** RECORDS FOR THE TASK **
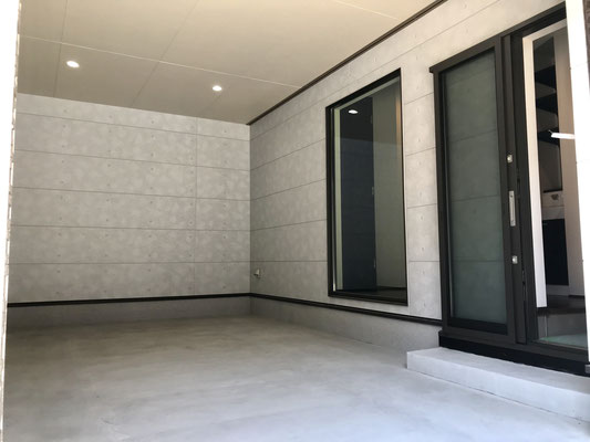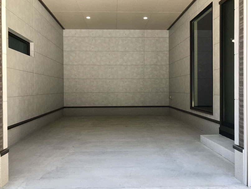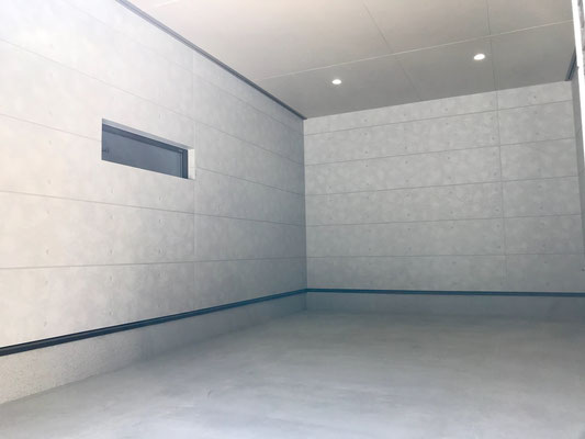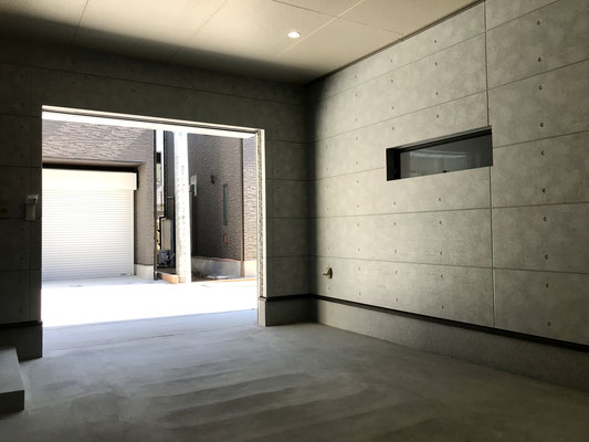 コンクリート調のガレージは天井も高く、換気の為の窓や埋め込み式のダウンライトもあり
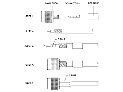 STEP 3. Insert inner conductor into the Contact Pin and crimp itor solderwith the Crimp Tool as
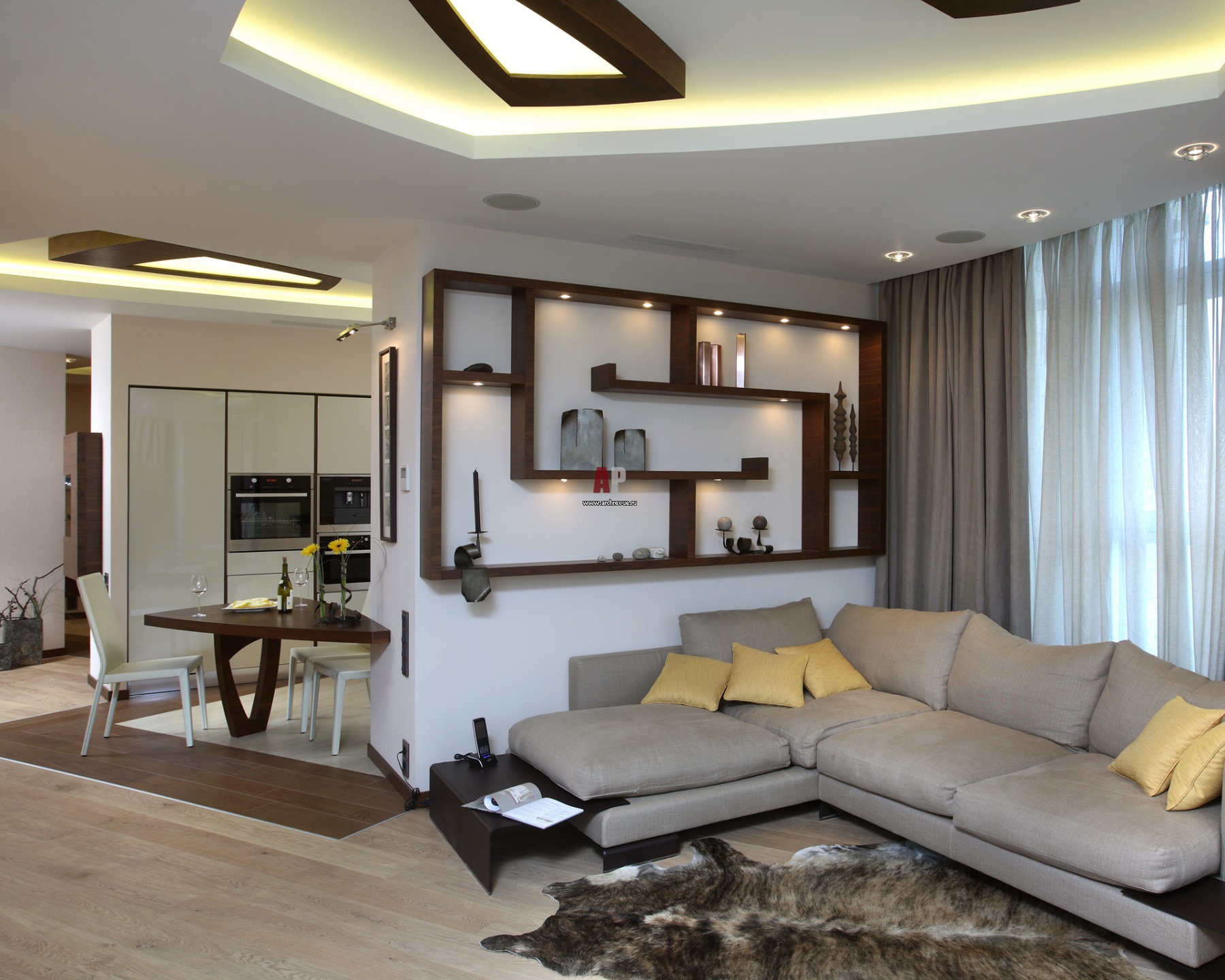 Интерьер гостиной-студии с настроением солнечного теплого дня. Диванная и столовая группы выделены многоуровневыми потолками с треугольными светильниками разного размера. Плоские фонари из матового стекла в массивных рамах из темного дерева отвлекают от сложной геометрии помещения с пространственным сдвигом, выступающими углами и округлыми линиями. На полу – массивная доска из выбеленного ясеня, поставщик «Мир Паркета». В зоне столовой ее сменяет керамогранит под дерево.
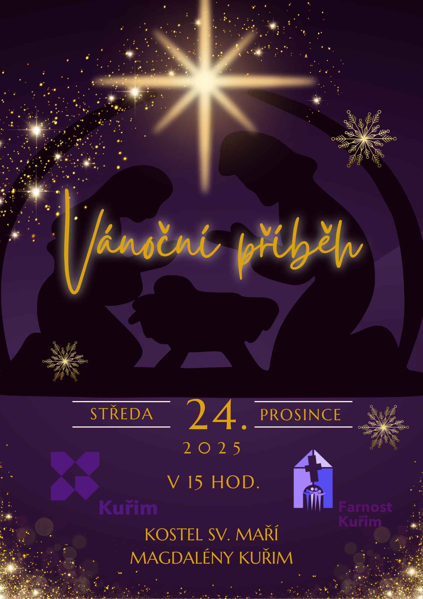 Již tradičně zveme na Štědrovečerní setkání v kuřimském kostele sv. Maří Magdaleny se zpěvy dětské scholy, s motivy vánočních událostí a s krátkou bohoslužbou slova. Možnost přijít si pro betlémské světlo.
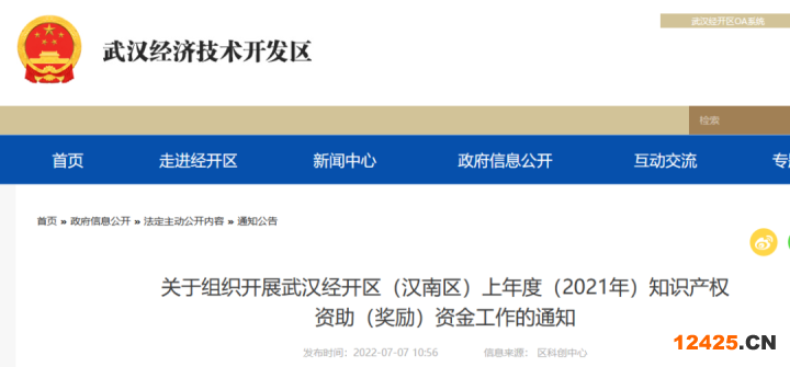 關于組織開展武漢經(jīng)開區(qū)(漢南區(qū))上年度(2021年)知識產(chǎn)權資助(獎勵)資金工作的通知
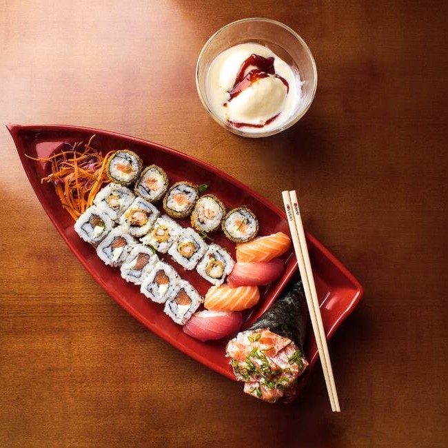 20 Peças - 2 Sushi Salmão, 2 Sushi Atum, 5 Huramaki Salmão, 5 Tempura Holl (camarão empanado), 5 Carioca de Salmão, 1 Temaki Filadelphia, + Sorvete Romeu e Julieta
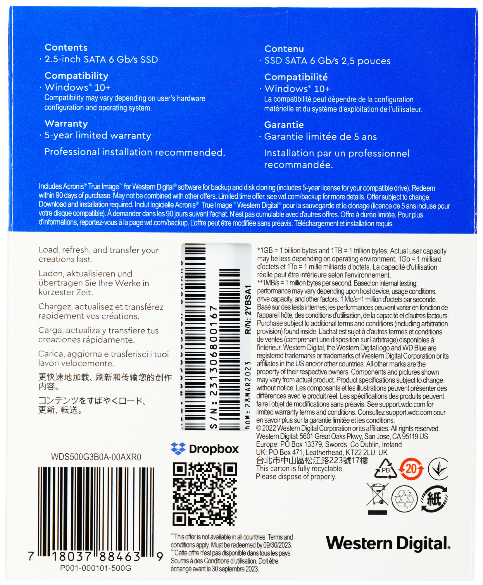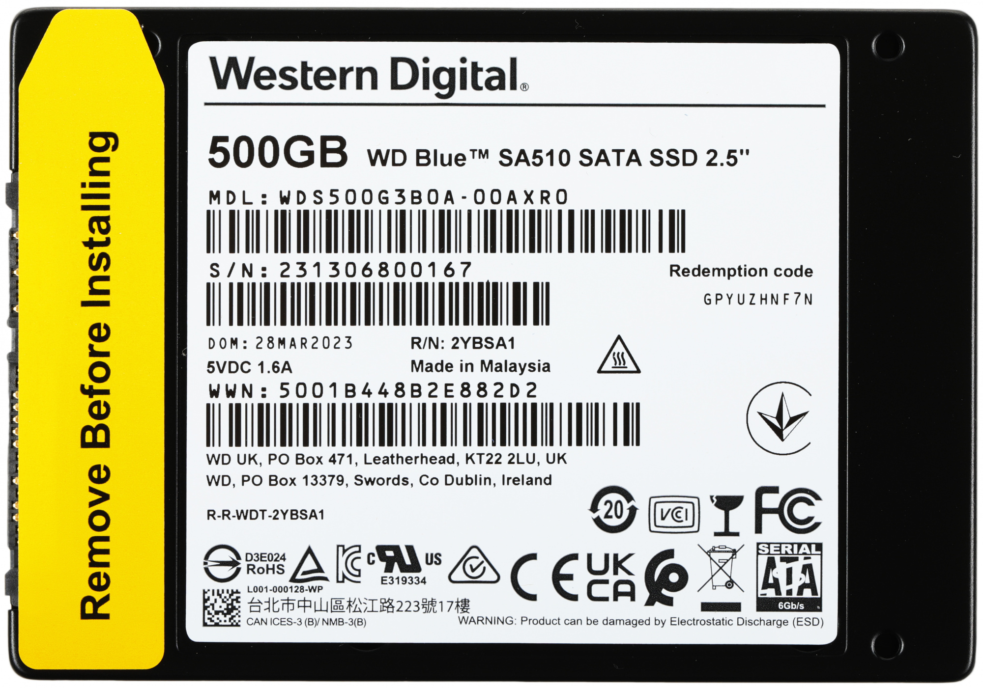 Диск SSD Western Digital - Blue SA510, для ноутбука, 2.5", 500 ГБ, SATA, 6 Гб/с, speed write-510МБ/с read-560МБ/с, TLC, WDS500G3B0A

** WORK TO BE COMPLETED **
Leaving the pictures out, output all of the listing exactly.

** RESULT BELOW **
 コンクリート調のガレージは天井も高く、換気の為の窓や埋め込み式のダウンライトもあり
 STEP 3. Insert inner conductor into the Contact Pin and crimp itor solderwith the Crimp Tool as
 Интерьер гостиной-студии с настроением солнечного теплого дня. Диванная и столовая группы выделены многоуровневыми потолками с треугольными светильниками разного размера. Плоские фонари из матового стекла в массивных рамах из темного дерева отвлекают от сложной геометрии помещения с пространственным сдвигом, выступающими углами и округлыми линиями. На полу – массивная доска из выбеленного ясеня, поставщик «Мир Паркета». В зоне столовой ее сменяет керамогранит под дерево.
 Již tradičně zveme na Štědrovečerní setkání v kuřimském kostele sv. Maří Magdaleny se zpěvy dětské scholy, s motivy vánočních událostí a s krátkou bohoslužbou slova. Možnost přijít si pro betlémské světlo.
 關于組織開展武漢經(jīng)開區(qū)(漢南區(qū))上年度(2021年)知識產(chǎn)權資助(獎勵)資金工作的通知
 20 Peças - 2 Sushi Salmão, 2 Sushi Atum, 5 Huramaki Salmão, 5 Tempura Holl (camarão empanado), 5 Carioca de Salmão, 1 Temaki Filadelphia, + Sorvete Romeu e Julieta
 Диск SSD Western Digital - Blue SA510, для ноутбука, 2.5", 500 ГБ, SATA, 6 Гб/с, speed write-510МБ/с read-560МБ/с, TLC, WDS500G3B0A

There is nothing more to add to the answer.